==== DATASET EXTRACT

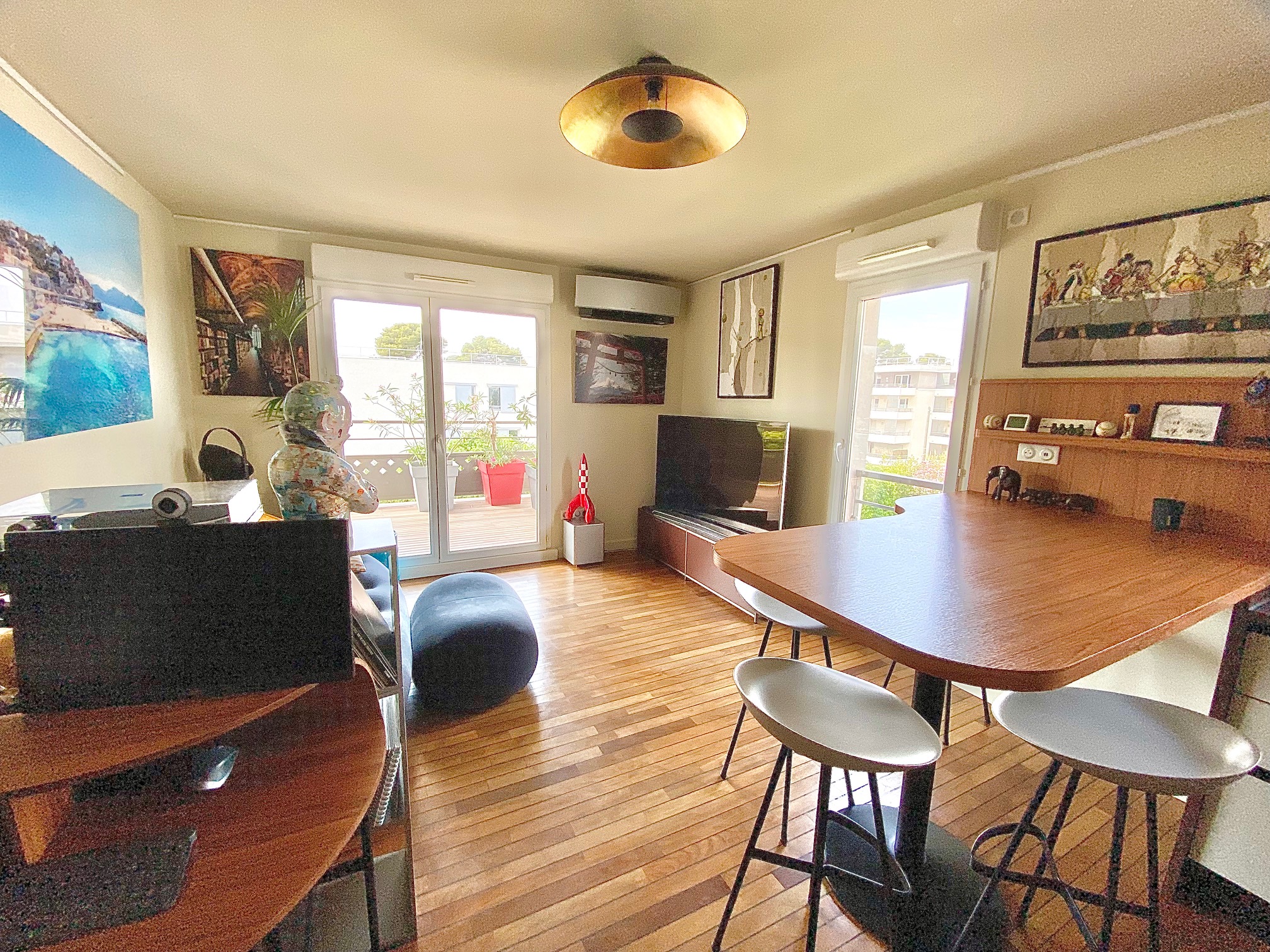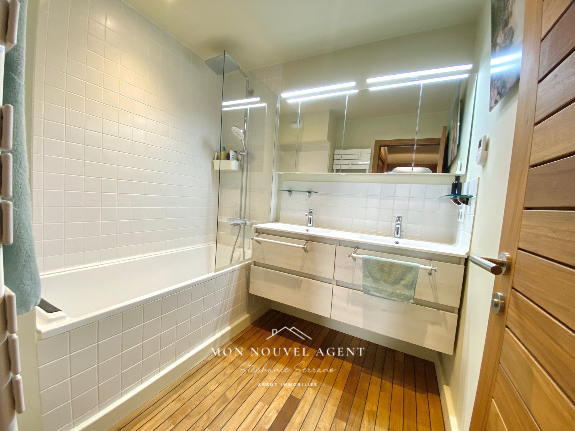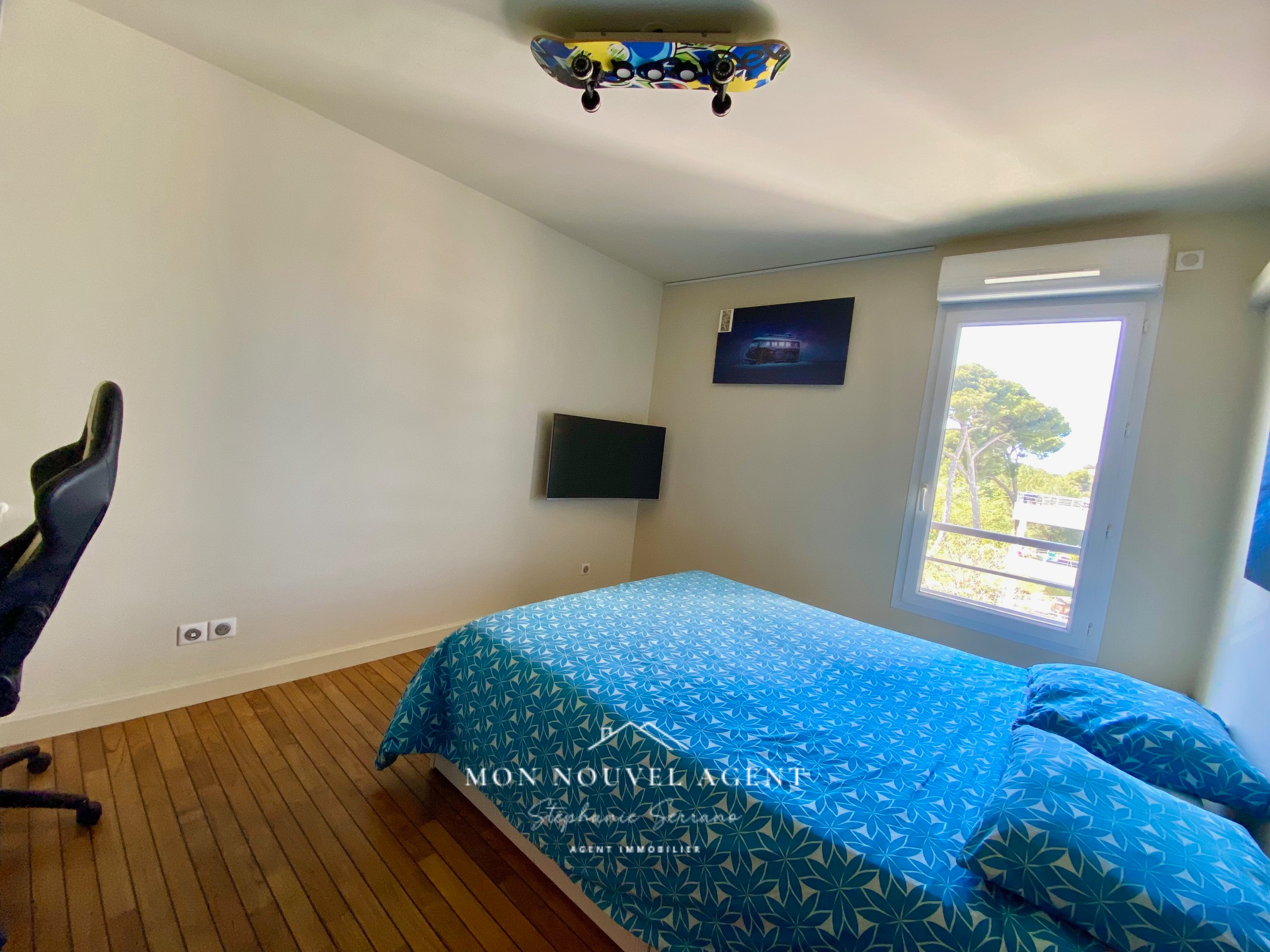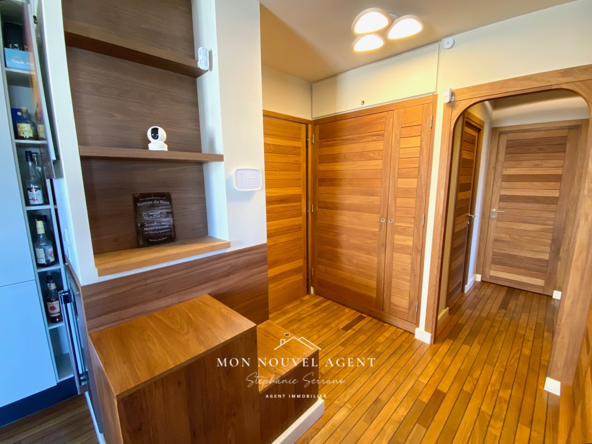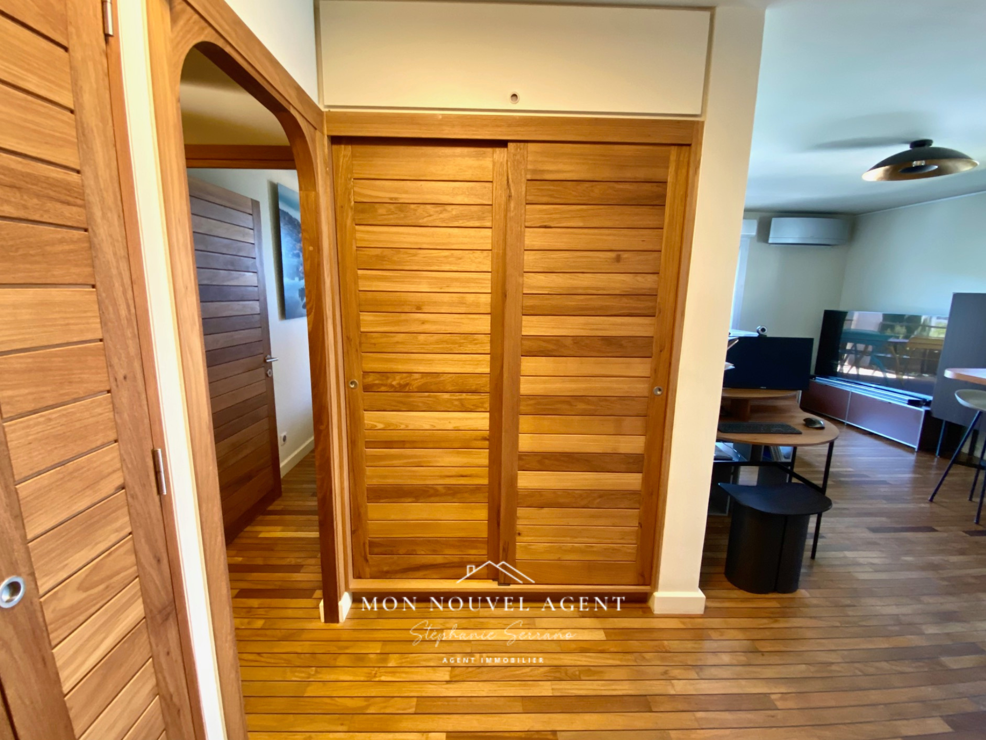 Cet appartement est équipé de fenêtres PVC double vitrage, volets roulants électriques, climatisation réversible Daikin dans le séjour et les chambres, parquet et menuiseries en Teck, alarme appartement et garage. Appartement totalement rénové en 2020, Cuisine Équipée: Plaque induction, Hotte, Micro Ondes, Four, réfrigérateur congélateur combiné, Cave à Vin… Salle de Bain, Sanitaire, Peinture, Porte Bois en Teck…
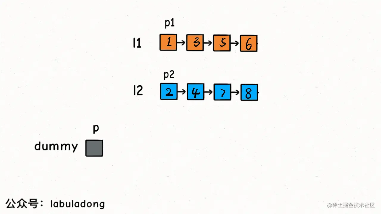 dammy。这样,在操作结束后,我们可以直接通过dammy.next来获取合并后的链表的头部。 - p 是一个工作指针,它表示我们当前正在操作的位置。当我们决定将
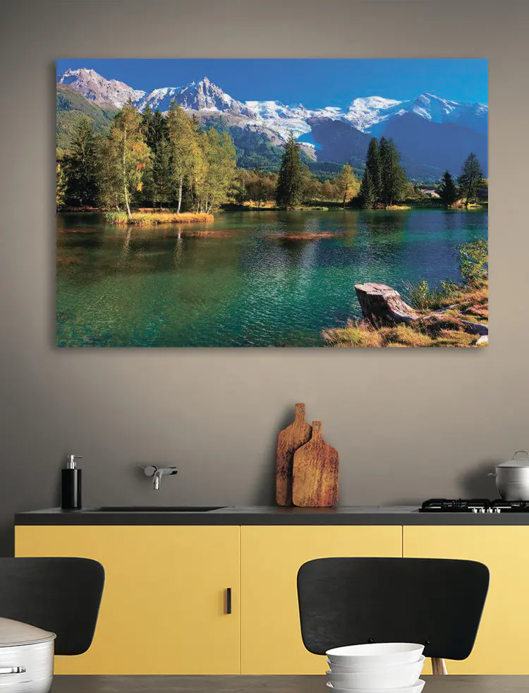 Wyobraź to sobie: Popijasz poranną kawę, wpatrując się w to oszałamiające płótno spokojnego jeziora otoczonego bujnymi drzewami i wysokimi górami. Natychmiast przenosi cię do tego sekretnego leśnego miejsca, w którym siedzisz z książką – a może po prostu marzysz. Głębokie zielenie i błękity dodają spokojnej atmosfery, idealnej do relaksu po długim dniu. A kto nie kocha dobrego widoku na góry? To tak, jakby mieć swój własny kawałek natury bezpośrednio na ścianie. Ponadto jest to część naszych kolekcji “Nature Canvas Art” i “Popular Canvas Art”, więc jest zarówno modna, jak i ponadczasowa. Zdecydowanie przyciąga wzrok!

========

Leaving out the pictures, reproduce the whole listing above exactly.

### RESPONSE BOX
 Cet appartement est équipé de fenêtres PVC double vitrage, volets roulants électriques, climatisation réversible Daikin dans le séjour et les chambres, parquet et menuiseries en Teck, alarme appartement et garage. Appartement totalement rénové en 2020, Cuisine Équipée: Plaque induction, Hotte, Micro Ondes, Four, réfrigérateur congélateur combiné, Cave à Vin… Salle de Bain, Sanitaire, Peinture, Porte Bois en Teck…
 dammy。这样,在操作结束后,我们可以直接通过dammy.next来获取合并后的链表的头部。 - p 是一个工作指针,它表示我们当前正在操作的位置。当我们决定将
 Wyobraź to sobie: Popijasz poranną kawę, wpatrując się w to oszałamiające płótno spokojnego jeziora otoczonego bujnymi drzewami i wysokimi górami. Natychmiast przenosi cię do tego sekretnego leśnego miejsca, w którym siedzisz z książką – a może po prostu marzysz. Głębokie zielenie i błękity dodają spokojnej atmosfery, idealnej do relaksu po długim dniu. A kto nie kocha dobrego widoku na góry? To tak, jakby mieć swój własny kawałek natury bezpośrednio na ścianie. Ponadto jest to część naszych kolekcji “Nature Canvas Art” i “Popular Canvas Art”, więc jest zarówno modna, jak i ponadczasowa. Zdecydowanie przyciąga wzrok!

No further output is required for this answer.